AVAILABLE DATA:
-*-*-

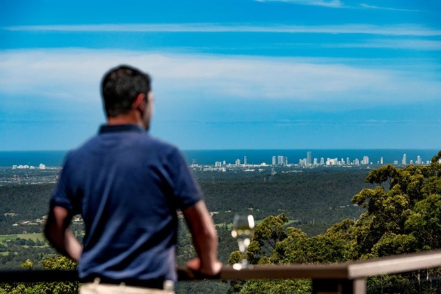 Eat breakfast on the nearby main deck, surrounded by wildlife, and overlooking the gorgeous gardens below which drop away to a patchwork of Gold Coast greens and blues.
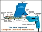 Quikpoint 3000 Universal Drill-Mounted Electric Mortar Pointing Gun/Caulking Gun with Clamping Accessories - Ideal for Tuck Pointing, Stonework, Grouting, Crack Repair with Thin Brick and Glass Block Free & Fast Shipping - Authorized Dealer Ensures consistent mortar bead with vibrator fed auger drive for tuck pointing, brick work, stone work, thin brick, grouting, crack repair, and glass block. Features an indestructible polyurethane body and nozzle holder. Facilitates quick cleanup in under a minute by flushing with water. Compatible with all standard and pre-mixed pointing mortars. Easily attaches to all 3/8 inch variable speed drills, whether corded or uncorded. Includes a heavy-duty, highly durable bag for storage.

-*-*-

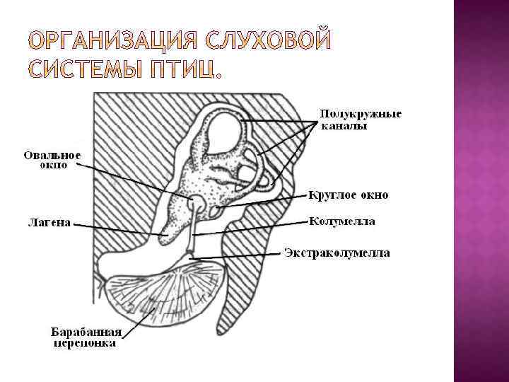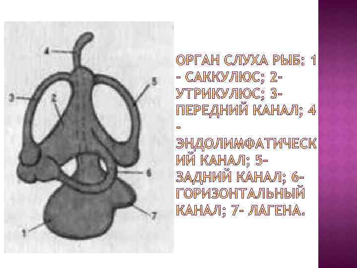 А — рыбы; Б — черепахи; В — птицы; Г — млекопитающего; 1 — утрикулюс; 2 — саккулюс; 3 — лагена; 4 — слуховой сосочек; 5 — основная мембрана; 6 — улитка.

-*-*-

TASK REQUIREMENTS: What's needed is an exact copy of the records above from the line containing "Eat breakfast on" down to the line containing "Quikpoint 3000 Universal", both included, without any pictures.

TASK OUTPUT:
 Eat breakfast on the nearby main deck, surrounded by wildlife, and overlooking the gorgeous gardens below which drop away to a patchwork of Gold Coast greens and blues.
 Quikpoint 3000 Universal Drill-Mounted Electric Mortar Pointing Gun/Caulking Gun with Clamping Accessories - Ideal for Tuck Pointing, Stonework, Grouting, Crack Repair with Thin Brick and Glass Block Free & Fast Shipping - Authorized Dealer Ensures consistent mortar bead with vibrator fed auger drive for tuck pointing, brick work, stone work, thin brick, grouting, crack repair, and glass block. Features an indestructible polyurethane body and nozzle holder. Facilitates quick cleanup in under a minute by flushing with water. Compatible with all standard and pre-mixed pointing mortars. Easily attaches to all 3/8 inch variable speed drills, whether corded or uncorded. Includes a heavy-duty, highly durable bag for storage.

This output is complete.